Date of Award


Document Type


Degree Name

Master of Science in Aeronautical Engineering


Department of Aeronautics and Astronautics

First Advisor

Paul A. Blue, PhD


Pilot-Involved Oscillations (PIOs) remain a significant issue in the design, testing and operations of aerospace vehicles. Traditional methods for predicting, describing, and analyzing these events have provided the community with improved methods for minimizing the occurrences of PIOs. However, these events continue to occur over a wide range of aerospace vehicle types and over a wide range of pilot acumen. The introduction of boundary avoidance tracking (BAT) by Mr. William Gray in 2004 added a missing piece to the PIO puzzle. This theory presented that PIOs may result from increasing pilot gain resulting not from maintaining a specified condition, but avoiding imposed limits or boundaries on a specified task. The initial modeling and simulation conducted by Mr. Gray has provided the community with a starting point for applying this theory to the analysis of PIO events.
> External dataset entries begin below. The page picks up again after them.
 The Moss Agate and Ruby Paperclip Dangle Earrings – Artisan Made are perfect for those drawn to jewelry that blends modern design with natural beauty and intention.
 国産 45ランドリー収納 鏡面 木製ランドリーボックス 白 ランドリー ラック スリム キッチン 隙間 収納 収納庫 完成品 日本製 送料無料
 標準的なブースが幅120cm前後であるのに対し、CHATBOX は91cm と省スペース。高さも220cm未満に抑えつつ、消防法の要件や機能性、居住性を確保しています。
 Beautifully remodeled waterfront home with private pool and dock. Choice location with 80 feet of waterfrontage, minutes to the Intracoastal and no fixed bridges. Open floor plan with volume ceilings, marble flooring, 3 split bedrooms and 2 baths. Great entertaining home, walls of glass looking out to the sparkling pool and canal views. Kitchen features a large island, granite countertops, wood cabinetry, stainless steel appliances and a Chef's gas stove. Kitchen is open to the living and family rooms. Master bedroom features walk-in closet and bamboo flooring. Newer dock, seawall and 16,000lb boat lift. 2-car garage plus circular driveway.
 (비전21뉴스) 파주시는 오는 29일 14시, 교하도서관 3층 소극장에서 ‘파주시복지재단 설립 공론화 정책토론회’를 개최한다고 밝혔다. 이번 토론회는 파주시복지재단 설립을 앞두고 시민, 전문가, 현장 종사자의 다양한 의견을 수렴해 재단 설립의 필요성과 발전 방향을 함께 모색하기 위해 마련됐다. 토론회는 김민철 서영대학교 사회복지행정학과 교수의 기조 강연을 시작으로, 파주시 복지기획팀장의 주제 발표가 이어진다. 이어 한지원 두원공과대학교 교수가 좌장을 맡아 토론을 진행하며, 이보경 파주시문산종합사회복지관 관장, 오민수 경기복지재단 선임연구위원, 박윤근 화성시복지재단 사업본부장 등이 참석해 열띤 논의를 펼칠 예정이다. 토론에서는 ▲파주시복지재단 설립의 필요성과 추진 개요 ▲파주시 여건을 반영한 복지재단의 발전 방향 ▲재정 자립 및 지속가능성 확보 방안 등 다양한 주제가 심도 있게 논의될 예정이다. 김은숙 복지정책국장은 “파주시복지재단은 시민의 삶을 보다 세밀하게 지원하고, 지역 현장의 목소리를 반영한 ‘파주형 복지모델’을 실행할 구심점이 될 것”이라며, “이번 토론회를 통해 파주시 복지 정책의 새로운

This thesis characterizes BAT in the dynamic flight environment. Through the analysis of repeated BAT events in a T-38C aircraft, initial characteristic parameters for BAT have been identified and developed. The key BAT parameters were found to be independent of pilot and exhibited some dependence on aircraft load factor. Overall, BAT was successfully demonstrated and characterized during this research and the results will provide the community with a better understanding of the role BAT plays in PIO prediction and analysis.